Section 3: Leading & Participating in Academic Discussions:

Activity One: Raising Awareness &
Using Common Discussion Phrases

SECTION
Leading and Participating in Academic Discussions
LEVEL
Intermediate/Advanced
TITLE
Raising Awareness and Using Common Discussion Phrases
AIMS
  • To encourage students to become more aware of the ways academic discussions happen.
  • To familiarize students with common and useful words and phrases
RESOURCES
Printout of worksheets (provided below), and the Internet
ESTIMATED TIME REQUIRED
40-60 minutes

 

PRE-LISTENING ACTIVITIES:

Step 1. Observe others. Listen to other students (or teachers) as they speak in class discussions. Later, write a journal about the things you noticed. Think about how they successfully interrupt, ask questions, clarify their answers, and emphasize their points, and if it is different from what you do. Write down in your journal:

Step 2. Learn transition words. "Transition words" are words and phrases that are used to help connect ideas and make their points clear. These words and phrases are useful because they provide clues about the direction the speaker wants to go. Thus, "transition" words are quite different from "content" words and phrases, which provide the facts or information about the topic. Content words will be specific to the topic of discussion, but transitions are more general, and occur in all discussions.

Click here to download a list of useful transition words. These transition words and phrases are organized in categories based on their function.

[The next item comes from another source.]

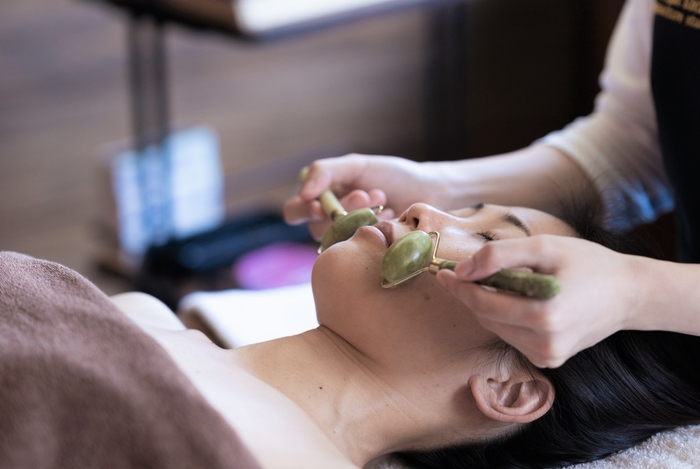 お顔の緊張をほぐし、表情をやわらかくする美顔はりに加え、目的に応じて選ぶ県産自然素材のデコルテ、フェイシャルパックを行い、強い紫外線を受けたお肌をケアし守ります。

  1. Underline any phrases or words you don't know
  2. Use your dictionary to look up specific words you don't know, but remember that the phrases probably will not be in the dictionary. Try to guess the meaning of the phrase based on the function it serves.
  3. Study these words and phrases until you become very familiar with the phrases and their functions, and try to begin using some of them in your own discussions.

Step 3. Become familiar with discourse markers. Along with these transition words and phrases, "discourse markers" help the listener follow what is being said.

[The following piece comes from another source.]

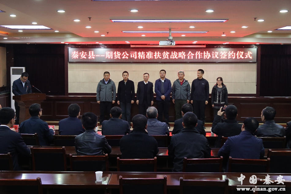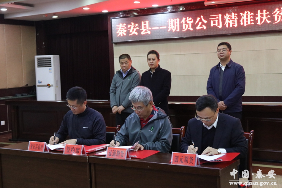 10月23日,在秦安縣行政中心舉行秦安縣——期貨公司精準(zhǔn)扶貧戰(zhàn)略合作協(xié)議簽約儀式,秦安縣委常委、副縣長(zhǎng)紀(jì)彤國(guó)代表秦安縣人民政府與冠通期貨公司、創(chuàng)元期貨公司簽訂了精準(zhǔn)扶貧戰(zhàn)略合作協(xié)議。簽約儀式由副縣長(zhǎng)文斌主持。

Click here to download a list of common discourse markers. These discourse markers are conversational in style and were taken from real lectures. They are organized in categories based on their function.

Study these words and phrases -- remember, your goal should be to become familiar with a variety of discourse markers that may hear others use, while learning a few to use yourself.

  1. Underline any phrases or words you don't know
  2. Use your dictionary to look up specific words you don't know, but remember that the phrases probably will not be in the dictionary. Try to guess the meaning of the phrase based on the function it serves.
  3. Study these words and phrases -- remember, your goal should be to become familiar with a variety of discourse markers that may hear others use, while becoming comfortable with using a few of them when you participate in discussions.

LISTENING TASKS

Step 1. Become Aware. When you listen to lectures, or are involved in discussions, listen for these transition words and discourse markers (and for others, to add to your lists) to help guide your listening. Look for opportunities to use these markers in your own writing and speaking, if appropriate.

Here are two easy ways to improve your awarenss of these discussion phrases:

  1. Re-read a scholarly article from one of your classes, underlining or highlighting discourse markers and transition words and phases.
  2. Ask for permission to record your teachers' lectures, or class discussions, then listen to the recordings and write down any discourse markers and transition words and phases that you hear.

Step 2. Practice. Get a sheet of paper and a pen or pencil, and draw a line down the middle of the page. Then go to the following website:

http://www.trentu.ca/admin/Advancement/lectures

This website lists introductions from several faculty at Trent University, in Canada. Choose one of the faculty and click on that person's link for RealAudio.

  1. The first time you listen to one of these self-introductions, listen for transition words and discourse markers. Do not take notes on the lecture information. Instead, on the left side of your paper list all the transition words and discourse markers that you hear.
  2. Listen again. This time, listen for the function of the transition words and discourse markers that you wrote down. What is the purpose of each word or phrase? To list examples? To introduce a topic? To change the topic? Write the function for each transition word and discourse marker on the right side of your note paper.
  3. Compare your notes with the handouts. Did you choose the same function? Does recognizing these words and phrases help you follow along with the lecture?
  4. Add any words from your notes that are not on the handouts.

SELF ASSESSMENT:

Keep track of your successes in a journal. Save your notes and see if you are improving. Are you recognizing more of these words and phrases? Are you familiar with their function? Is your listening comprehension improving? Do you feel more comfortable listening to lectures or discussions?